Power BI Copilot, AI Instructions And Semantic Model Relationships

Power BI Copilot knows about the relationship between measures and tables, which means that it’s very good at knowing which measures can be broken down by which columns. For example, consider the following model with two fact tables, one of which contains sales data dimensioned by Employee and Customer, and one which contains target data that is only dimensioned by Employee:

For extra fun, I’ve created a disconnected measure table to hold all the measures, which are defined as follows:

Sales Amount = SUM(Sales[Sales])
Target Amount = SUM(Targets[Target])
Target % = DIVIDE([Sales Amount],[Target Amount])

Without any AI Instructions added to the model, for the following prompt:

Show Sales Amount broken down by Customer

I get (as you would expect) the following correct response:

However for the prompt:

Show Target Amount broken down by Customer

…I get a response that you can’t show Target Amount broken down by Customer because there’s no direct relationship. This is, I think the right response for most users.

Note that Copilot knows the relationships between the Sales Amount and Target Amount measures and the Customer dimension table even though they are on the disconnected measures table, which I think is very smart.

Even better, a prompt like this:

show a table with Employee Name, Customer Name, Sales Amount, Target Amount and Target %

Returns the result I would expect:

Copilot has understood that even though there’s no relationship between Customer and Target Amount, it makes sense to break it down in this case.

What about calculation groups? I’ve seen some inconsistent behaviour over the last few days but on the day I’m writing this post, calculation groups were working well in Copilot with no special AI Instructions despite the fact they have no relationship with any other table.

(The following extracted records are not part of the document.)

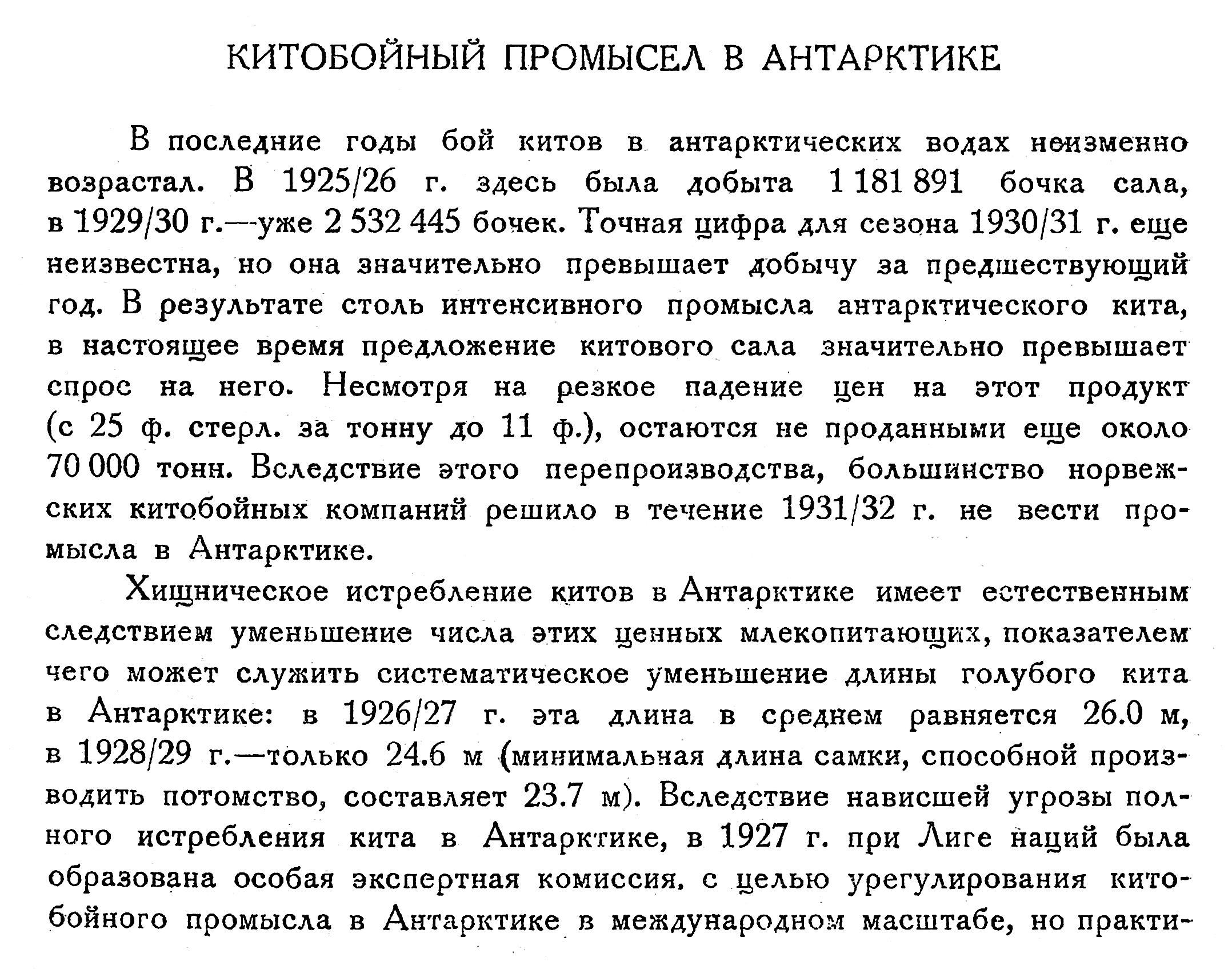 В последние годы бой китов в антарктических водах неизменно возрастал. В 1925/26 г. здесь была добыта 1181891 бочка сала, в 1929/30 г.— уже 2 532 445 бочек. Точная цифра для сезона 1930/31 г. еще неизвестна, но она значительно превышает добычу за предшествующий год. В результате столь интенсивного промысла антарктического кита, в настоящее время предложение китового сала значительно превышает спрос на него. Несмотря на резкое падение цен на этот продукт (с 25 ф. стерл. за тонну до 11 ф.), остаются не проданными еще около 70 000 тонн. Вследствие этого перепроизводства, большинство норвежских китобойных компаний решило в течение 1931/32 г. не вести промысла в Антарктике.
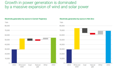 不过两种情景的转型时间和强度不同,在“当前路径”下,能源转型将在2030年代和2040年代进入“替代”阶段,而到2050年,“当前路径”下的未减排的化石燃料仍占一次能源的三分之二;“净零情景”下,低碳能源的更大幅度增加和能源效率的提升使能源系统在2020年代进入能源替代阶段,到2050年,未减排的化石燃料在一次能源中的占比降至不到20%,能源净碳排放接近于零。第二个共同趋势是在成本下降和能源系统电气化稳步增加的支持下,风能和太阳能发展迅速。这要求全球电力系统通过升级电网、提高系统灵活性、储能和可靠的备用容量来增强其应对发电量波动的能力。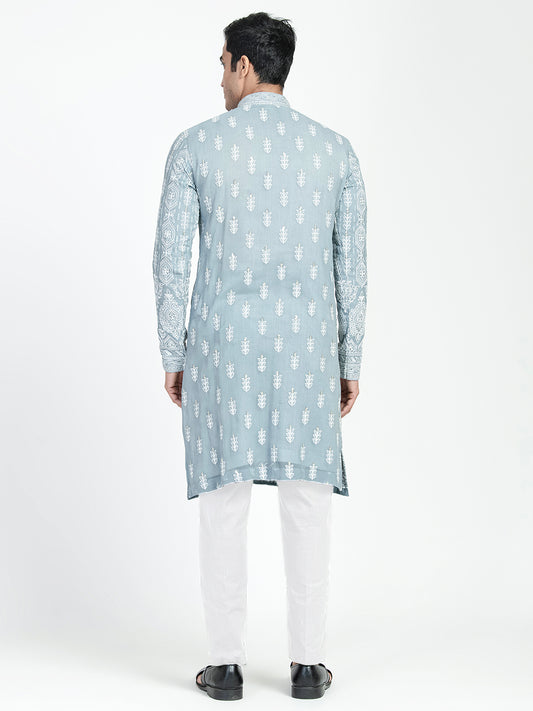 Mens Chikankari Mirror Embroidery Ombre Effect Kurta Set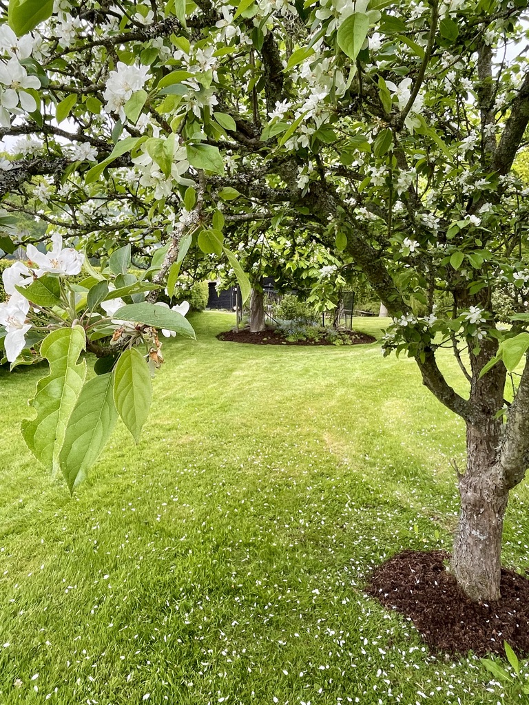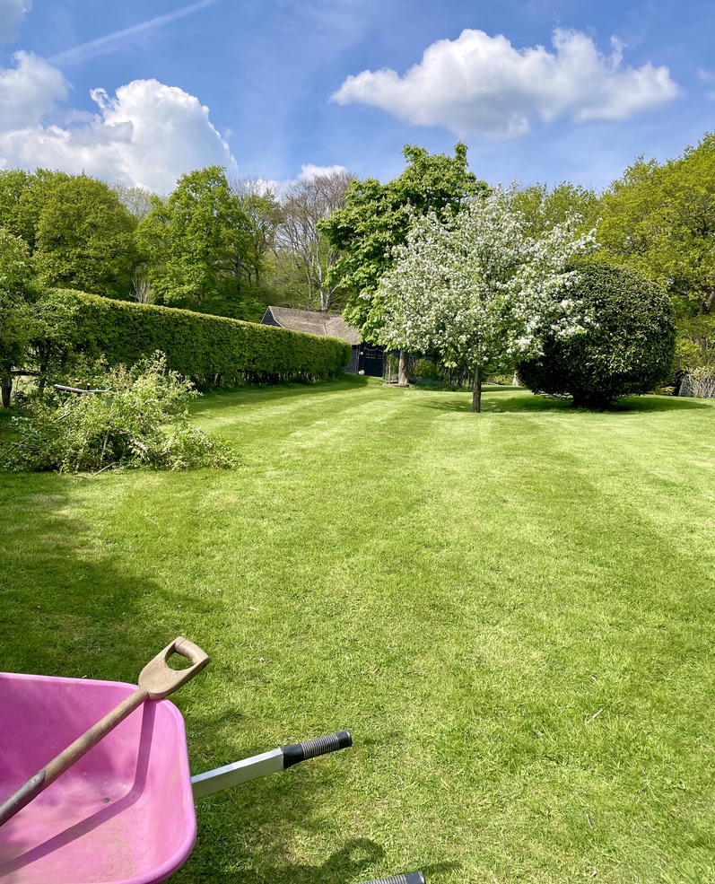 We have implemented No Mow May in increased areas of the garden & field, with beautiful results and a visibly positive impact on the amount of visiting insects. So much so, that we will keep it going throughout the summer, not just for May! See the Plantlife website for details. Last year, an added benefit of leaving large areas of grass to grow was that we – and guests – enjoyed the ‘soft landscaping’ produced by paths cut through swathes of grass and wildflowers. And we were able to make all our own hay to see the Sheep through the winter…

Adding a calculation group to the model like so with two calculation items, Actual Value and Forecast:

Actual Value = SELECTEDMEASURE()
Forecast = SELECTEDMEASURE() * 100

And prompting:

Show Forecast Sales Amount broken down by Customer

…gives the right response using the Forecast calculation item:

That said I’m sure there will be scenarios where Copilot decides it can’t use a measure with a particular column even though you want it to, and you can override this behaviour with AI Instructions. However, I have found you need to be very careful about what instructions you provide to get the output you expect. For example adding the following to the AI Instructions of my model:

For the Target Amount measure, ignore any previous instructions regarding not displaying measures with columns from tables where there is no direct relationship. 

…means that the prompt shown above which asks for Target Amount broken down by Customer:

Show Target Amount broken down by Customer

…returns the following result:

This surprised me a lot: I was expecting to see the same value repeated across all customers. I worked out that the reason different customers showed different values for Target Amount was that the visual was assuming an indirect relationship via the Sales table, but even then I had no idea that it was possible to build a Power BI visual that did this when no many-to-many relationships exist in the model – I certainly couldn’t build the same visual myself manually. It’s one way of answering the question correctly though.

Altering the AI Instructions to tell Copilot not to do this was tricky but eventually I came up with this:

For the Target Amount measure, ignore any previous instructions regarding not displaying measures with columns from tables where there is no direct relationship. When displaying Target Amount by Customer do not assume there is an indirect relationship via the Sales table.

The same prompt then gave me the result I was expecting with the same Target Amount value repeating across all customers (and it’s interesting it decided it had to create a DAX query to do this too):

This tells me that it’s probably not a good idea to try to override Copilot’s default behaviour when it comes to relationships, tables and measures.